Direct Transkribus research (2015–2020) plotted using Digimap’s roam feature. Location markers identify the lead researchers’ affiliation. The Innsbruck server is located with a yellow pin

Transkribus’s appeal as a flexible product (which was initially free to use) appears to be reflected in where research has occurred (such as the University of Belgrade and Moldova State University), rather than being expensive software used by a limited number of more affluent Western institutions. This may change, given the platform moved to a pay-for model in October 2020, which will be reflected in the future publication record and should therefore be monitored.

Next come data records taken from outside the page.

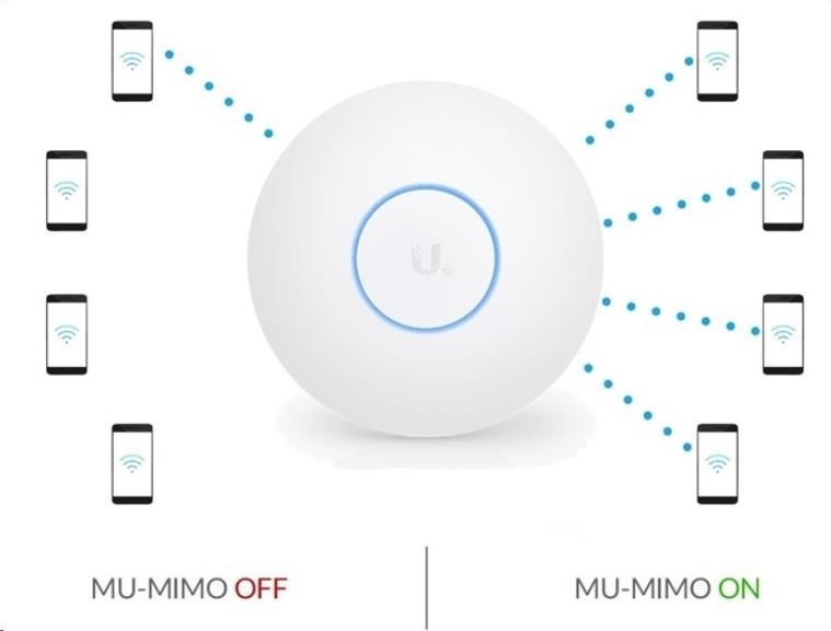 Výhody MU-MIMO technologieDíky MU-MIMO (Multiple User - Multiple In - Multiple Out) technologii je UAP-AC-HD schopno komunikovat s několika zařízeními ve stejný čas:
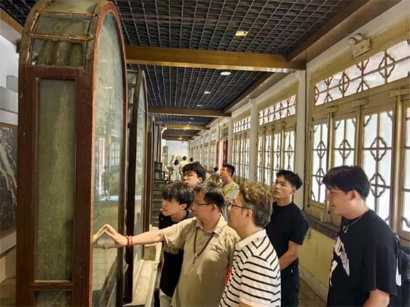 團隊走進棗莊明佑博物館。跟隨王燦館長學習并參觀了多個著名的經典碑刻和拓片,中古碑刻與拓片的陳列如展開一部立體的“金石史書”。團隊成員逐幀記錄碑刻的風化斑駁、文字殘缺,這些館藏珍品,不僅是書法演變的活化石,更以“微縮樣本”姿態(tài),為后續(xù)田野調查中辨識散存碑刻的時代特征、解讀地域文化基因,筑牢了實證根基 。
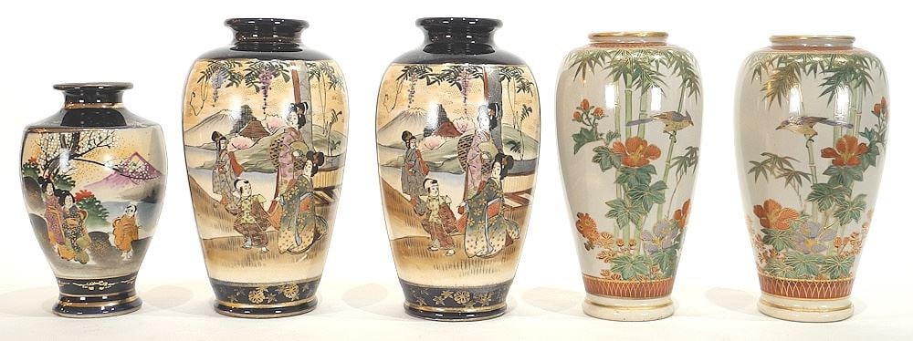 Five Satsuma Vases, 5 3/4 - 7 3/8" h.
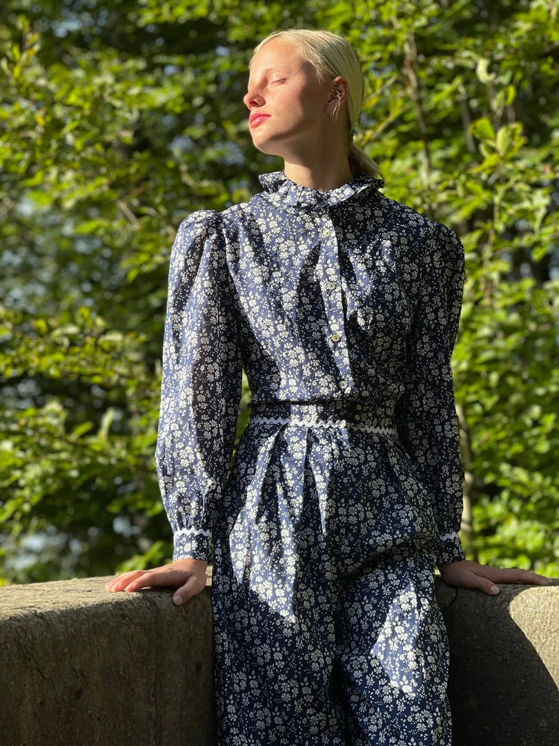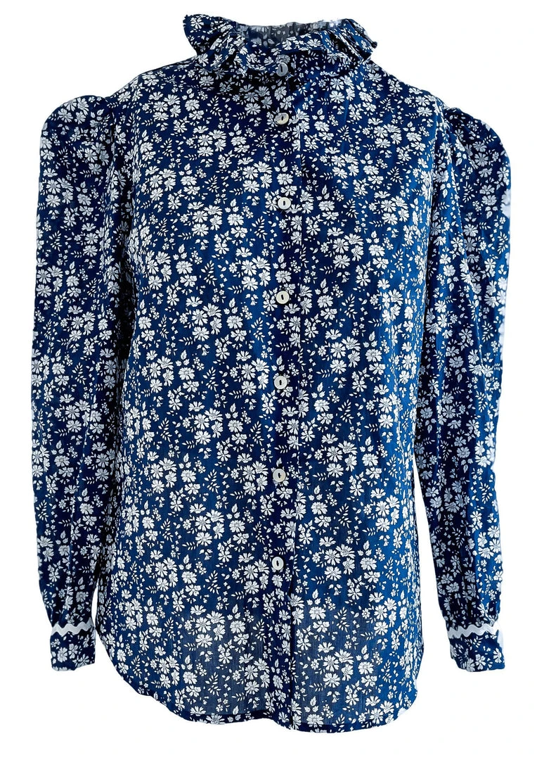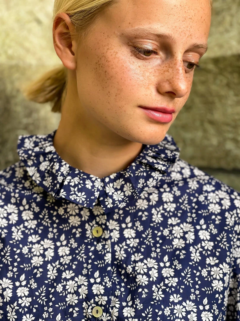 The Rhodos Blouse is the follower edition of our Elba Blouse and is an absolut classic. This beautiful piece in navy with white flowers, has a little high neck collar and puffed sleeves. Handcrafted in a small family atelier in Spain. We used the most beautiful Liberty Fabric (100% Tana Lawn Cotton). Limited edition, ready to ship.
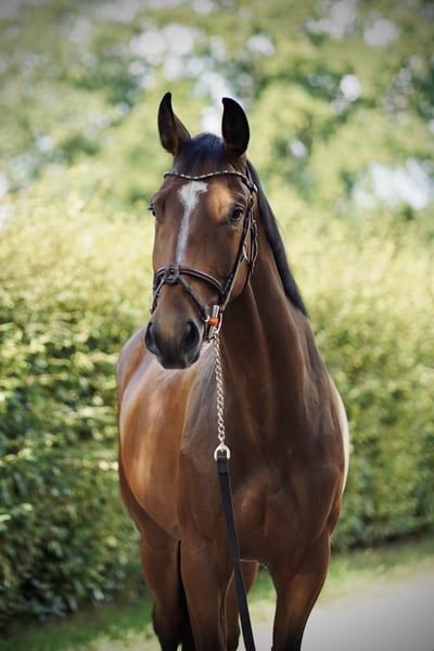 A true diamond in the rough looking for his person! Our "Nino" impresses with his charming personality, his compact build, and a top-class gallop in the jumping phase. He is absolutely well-behaved and human-oriented in handling – a horse that everyone simply likes. He has been gently backed and is currently doing his first jumps under saddle. He shows motivation and natural talent for jumping. Perfect to continue his training calmly over the winter and to make a sporting breakthrough next year. An ideal young horse for riders who enjoy shaping a young horse themselves.
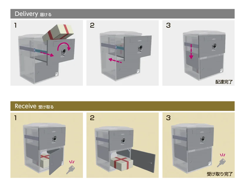4.いつでも・何度でも受け取れる:1日に複数回の配達が来ても、保管容量いっぱいまで受け取れます。通販や定期便が多いご家庭にも安心です。
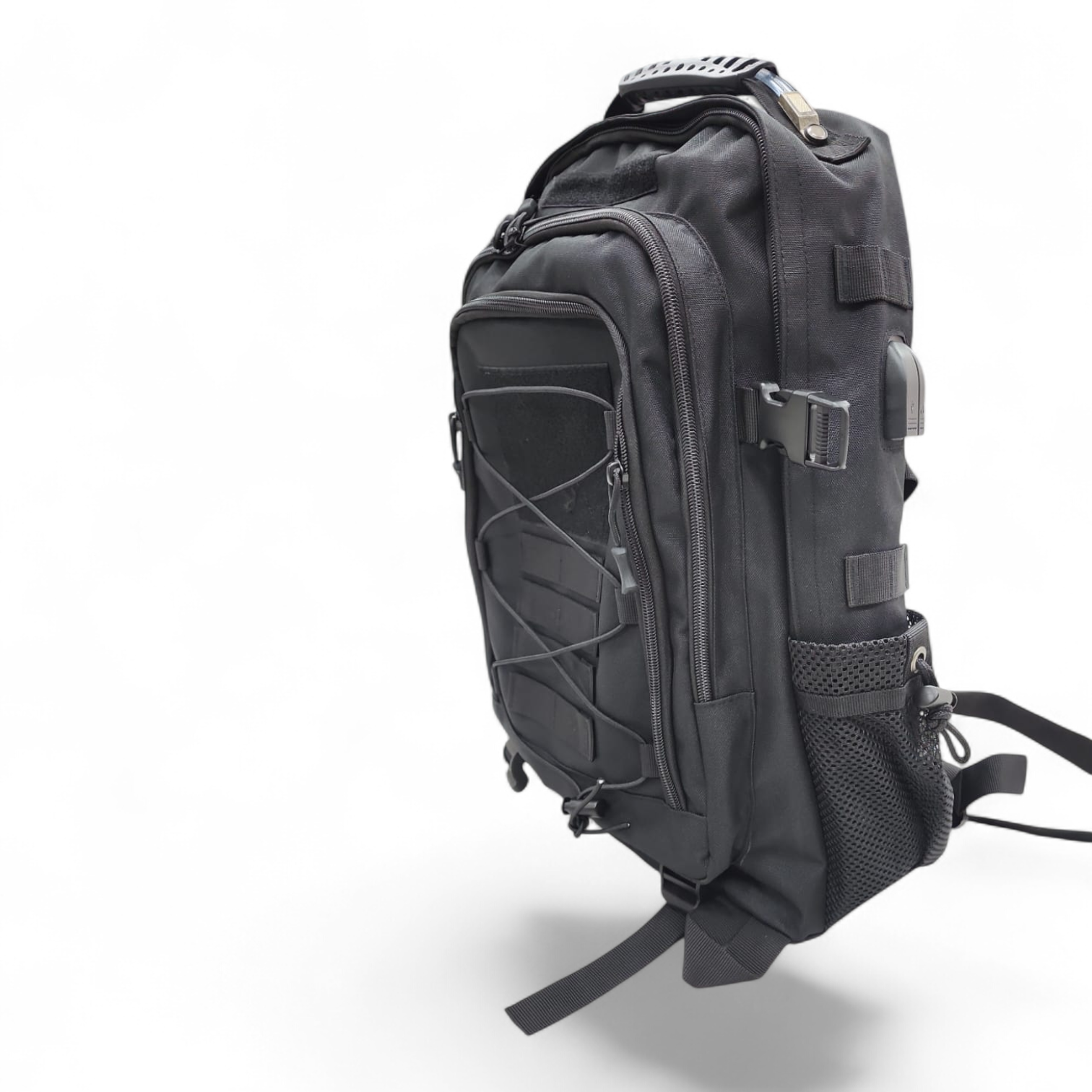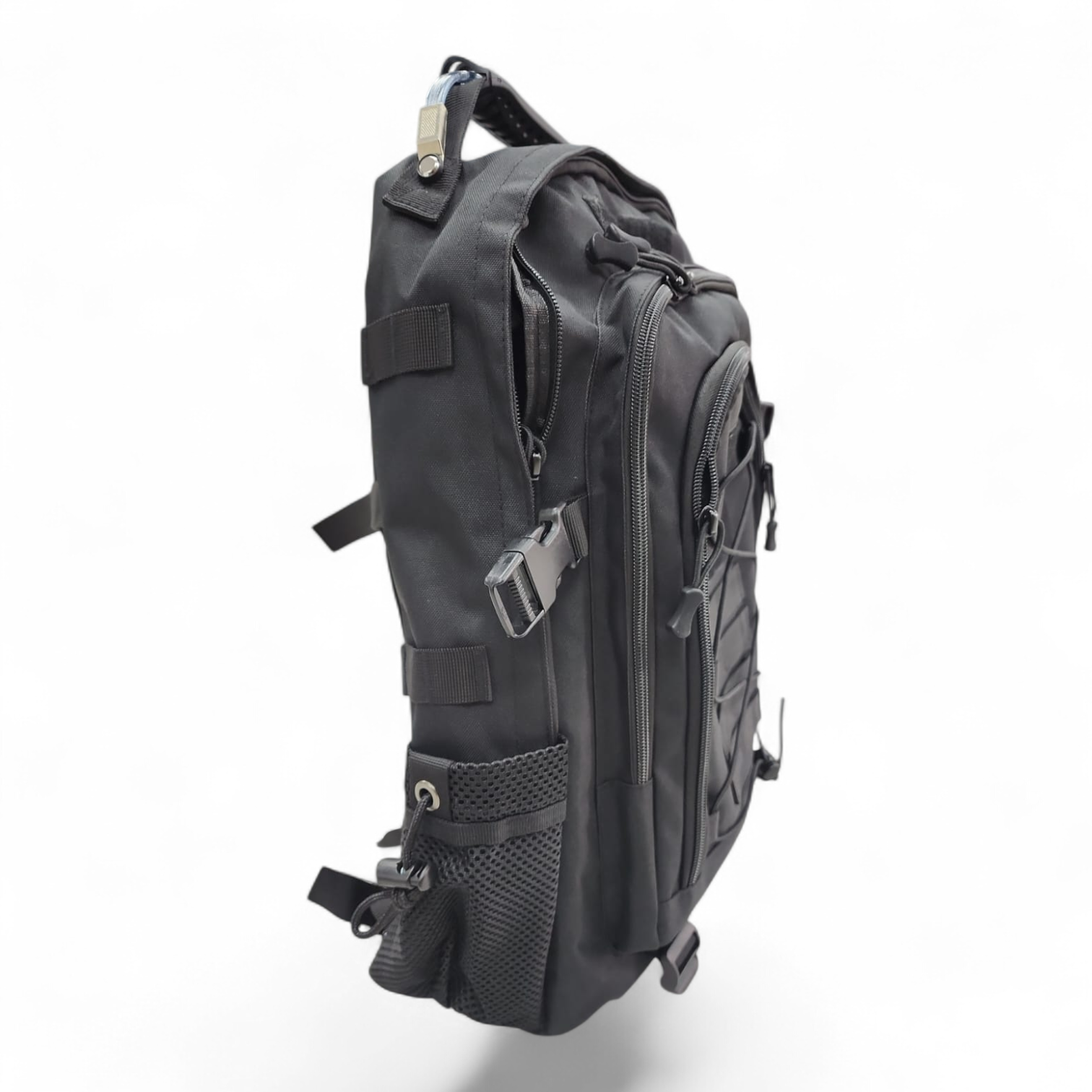 Multiple compartments and storage sections ensure efficient organization of gear, electronics, and accessories. Adjustable padded shoulder straps provide comfort during extended use, while the sleek black tactical design offers a modern and professional appearance.
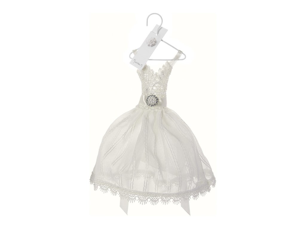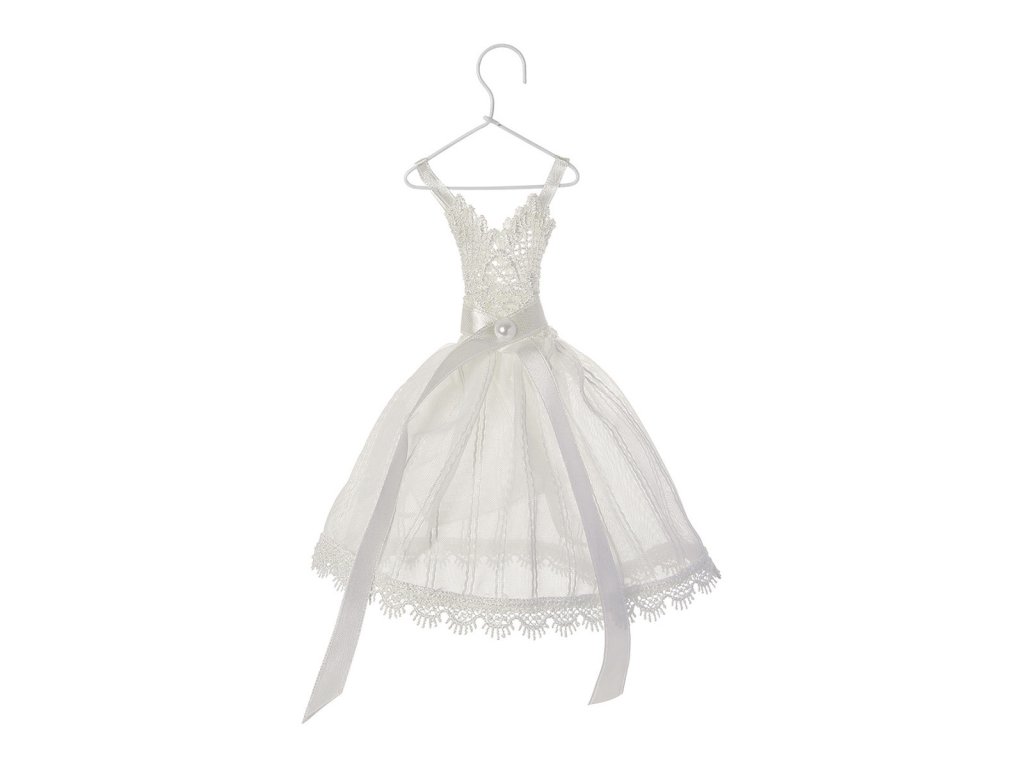 Tieto elegantné svadobné šaty z čipky a organzy sú ideálne na uloženie malých vonných difuzérov (malé vrecko pod sukňou). Vďaka vešiaku ich môžete zavesiť do šatníka.
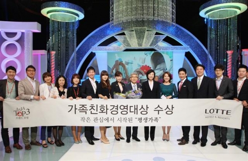 올해 3회째인 가족친화경영대상은 일과 가정을 양립할 수 있는 가족친화 우수사례를 전파하려는 취지로, 2008년부터 2013년까지 가족친화 인증을 받은 기업과 기관을 대상으로 심사를 진행한다. 롯데호텔은 임직원 자녀의 성장단계에 맞춘 ‘자녀 생애주기 지원 제도’가 높은 평가를 받았다.
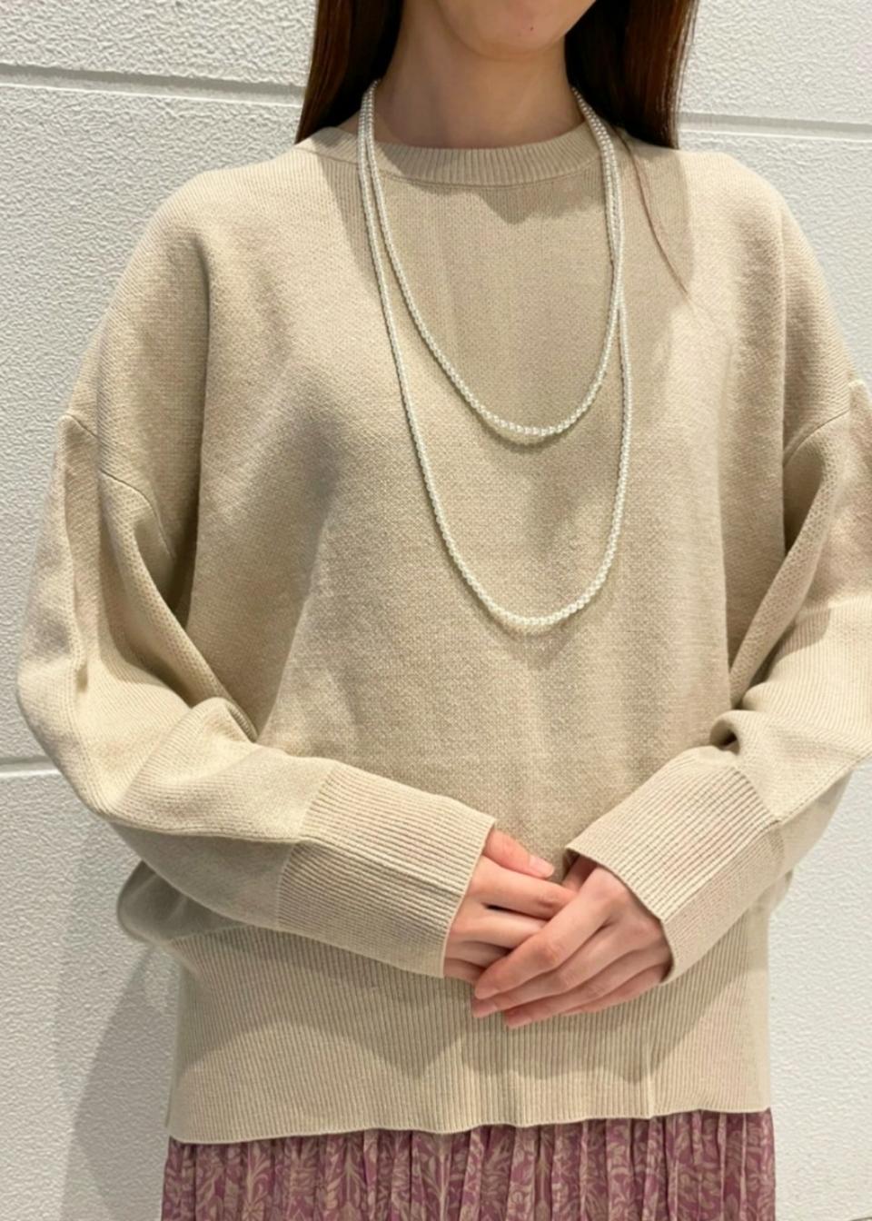 ゆったりシンプルなニットには、デザイン性のあるスカートとパールのネックレスを合わせ女性らしい華やかなコーディネートにしました。
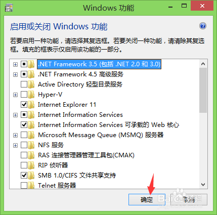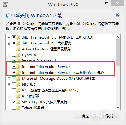 弹出Windows功能窗口,勾选红框中的“Internet Information Server”和“Internet Information Server可承载的Web焦点”,这里我已经安装过IIS了,所以显示的已经勾选了,没安装过IIS的必需勾上这两个选项;有的电脑可能系统分歧显示的是“Internet 信息办事”和“万维网办事”,勾上这两个选项即可
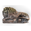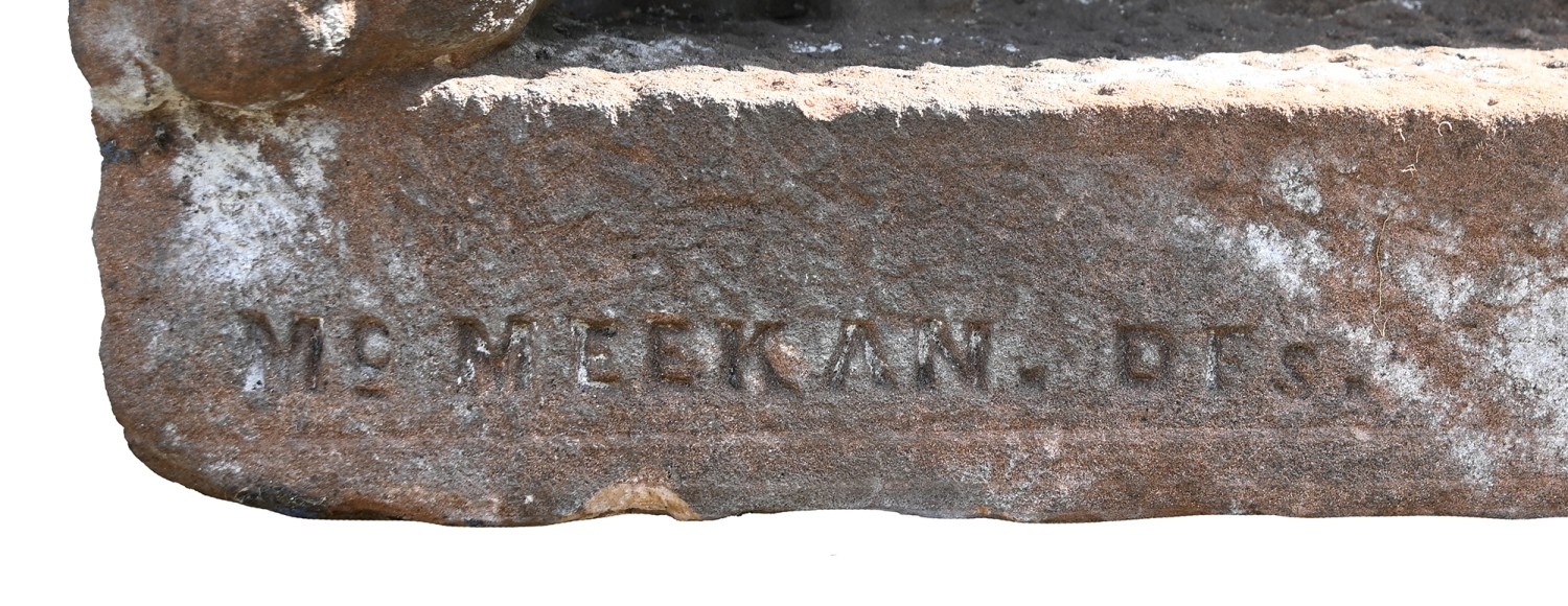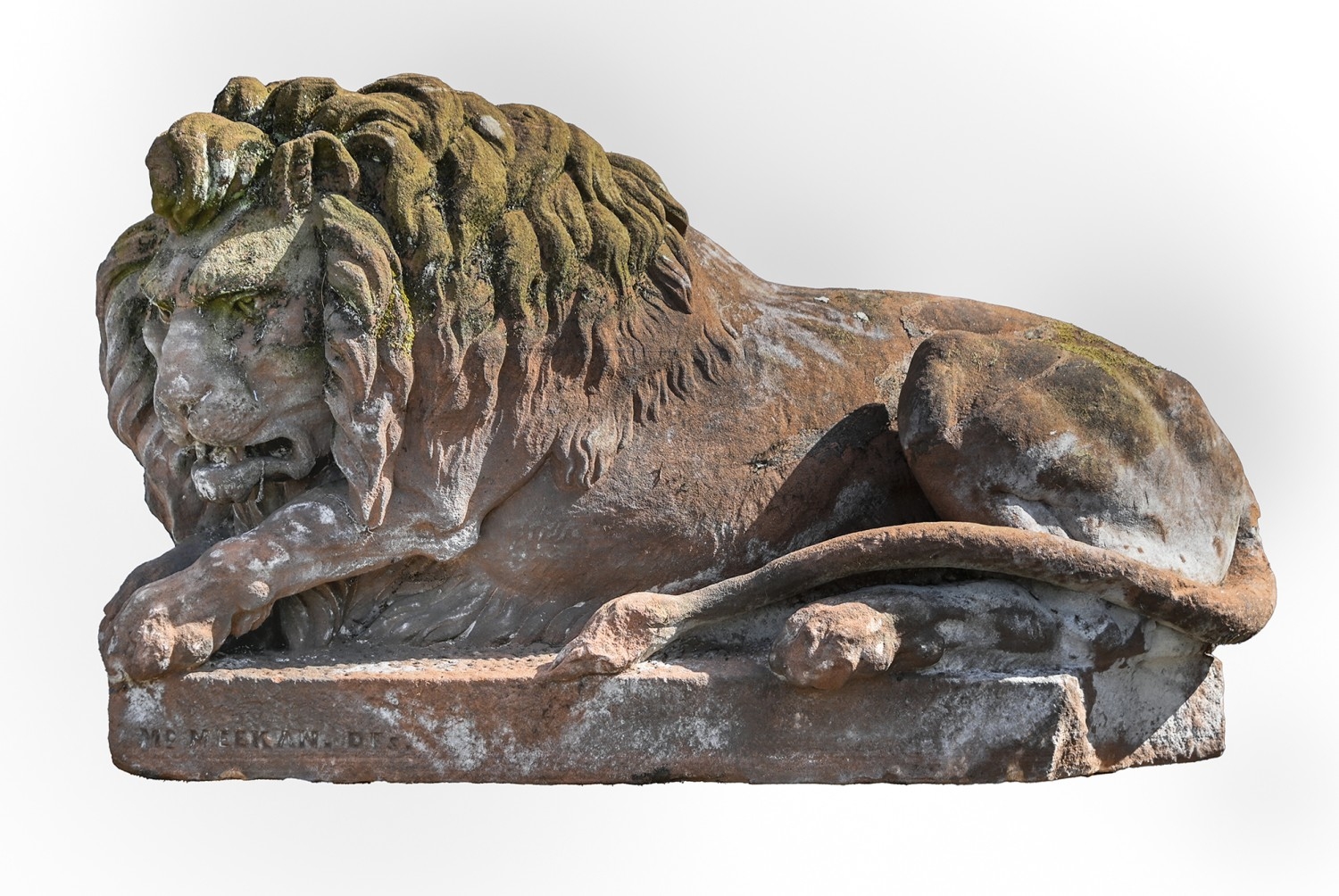 A Victorian over life-sized sandstone sculpture of a lion, on rectangular base, 83cm h, 141cm l, signed McMEEKAN DES

Members of the READ-COOP have played a role in producing and publishing works related to Transkribus, with 30.97% (n = 118) of lead authors representing cooperative institutions. This percentage rises noticeably to 67.86% (n = 95) when focusing solely on works directly related to the HTR platform. In some cases, for example Schlagdenhauffen’s research (2020) using Transkribus to form semi-automated transcriptions of the diary of lawyer Eugène Wilhelm (1866–1951), work from the READ-COOP can be attributed to individuals joining the decision-making community independently of their institutions. Working from the READ-COOP membership roll found online (2020), 39.00% of READ-COOP members (n = 46) chose to register as anonymous members of the cooperative, limiting the information that could be gleaned about highly involved users of the platform from this data alone. That said, certain institutional members of the READ-COOP have been publishing research aligned with Transkribus: as shown in Fig. 4 below, 10 works (2.62%) came from the Universitat Politècnica de València, which has been instrumental in improving the recognition of document structure with its P2PaLA layout analysis tool, allowing the HTR to locate the linguistic components of historical materials accessible through natural language processing more thoroughly. 7 works (1.84%), mostly policy documents from READ, came from Innsbruck where the infrastructure of Transkribus is maintained.

Fig. 4
figure 4

Chart highlighting the research output of institutional READ-COOP members by number of publications

READ-COOP members from outside Germany are also represented in the dataset, including several prominent cultural organisations: Kansallisarkisto (The National Archives of Finland) (n = 1, 0.26%), Naver Labs Europe based in France (n = 4, 1.05%), Fondazione Banco di Napoli (n = 3, 0.79%), and British institutions like the British Library (n = 5, 1.31%) and the University of Cambridge (n = 1, 0.26%). As with mapping open publishing onto the Transkribus dataset, it was not possible to identify whether 2.10% (n = 8) of the publications stemmed from READ-COOP members. These exceptions were mostly listed as 'cited' papers and were written by academics with no notable web presence, making categorisation difficult. It is clear, nonetheless, that the READ-COOP itself is becoming a strong space for likeminded institutions to utilise Transkribus and publish related research, increasing capabilities and presenting results to the research community.

Themes and content

Of the 140 results mentioning Transkribus directly, only 10 examined OCR as an additional subject. Transkribus offered OCR capability, providing an inbuilt ABBYY Finereader function, before licensing issues in 2021. Out of the 10 indexed materials which mentioned OCR, only 2 abstracts included a description of using this function within Transkribus (Lindemann et al. 2018; Ströbel and Clematide 2019) while others used OCR externally through self-built platforms or those supplied by ABBYY (n = 2), suggesting that the licensing issue did not impact users greatly. Others mentioned OCR in comparison to HTR, comparing their accuracy rates in deciphering text (n = 6).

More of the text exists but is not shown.